SUPPLIED MATERIAL:
----------------------------------------
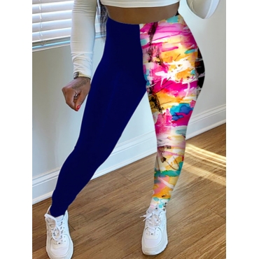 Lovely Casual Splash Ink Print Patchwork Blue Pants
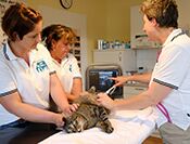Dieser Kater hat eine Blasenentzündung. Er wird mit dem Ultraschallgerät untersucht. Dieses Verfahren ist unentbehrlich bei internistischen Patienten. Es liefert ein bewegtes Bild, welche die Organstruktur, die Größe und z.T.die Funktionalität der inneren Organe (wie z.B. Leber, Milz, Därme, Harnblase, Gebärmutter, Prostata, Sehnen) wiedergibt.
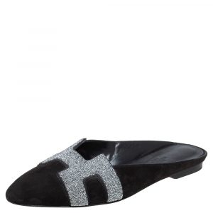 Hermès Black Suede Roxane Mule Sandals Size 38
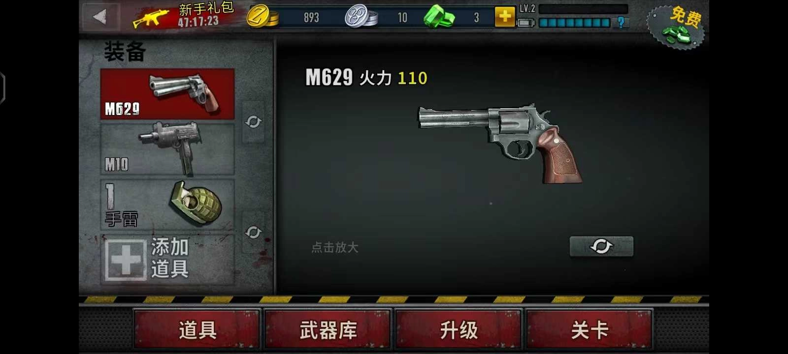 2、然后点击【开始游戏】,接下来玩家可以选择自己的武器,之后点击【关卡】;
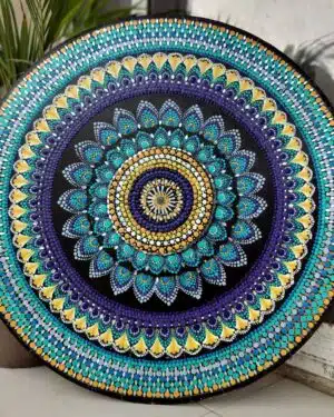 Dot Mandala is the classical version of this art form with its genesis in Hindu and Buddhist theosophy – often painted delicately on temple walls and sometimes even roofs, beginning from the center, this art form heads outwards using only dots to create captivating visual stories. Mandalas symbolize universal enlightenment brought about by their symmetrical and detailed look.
----------------------------------------
EXERCISE BRIEF:
Word for word, retype all of the data above, but include no pictures.

COMPLETED TASK:
 Lovely Casual Splash Ink Print Patchwork Blue Pants
Dieser Kater hat eine Blasenentzündung. Er wird mit dem Ultraschallgerät untersucht. Dieses Verfahren ist unentbehrlich bei internistischen Patienten. Es liefert ein bewegtes Bild, welche die Organstruktur, die Größe und z.T.die Funktionalität der inneren Organe (wie z.B. Leber, Milz, Därme, Harnblase, Gebärmutter, Prostata, Sehnen) wiedergibt.
 Hermès Black Suede Roxane Mule Sandals Size 38
 2、然后点击【开始游戏】,接下来玩家可以选择自己的武器,之后点击【关卡】;
 Dot Mandala is the classical version of this art form with its genesis in Hindu and Buddhist theosophy – often painted delicately on temple walls and sometimes even roofs, beginning from the center, this art form heads outwards using only dots to create captivating visual stories. Mandalas symbolize universal enlightenment brought about by their symmetrical and detailed look.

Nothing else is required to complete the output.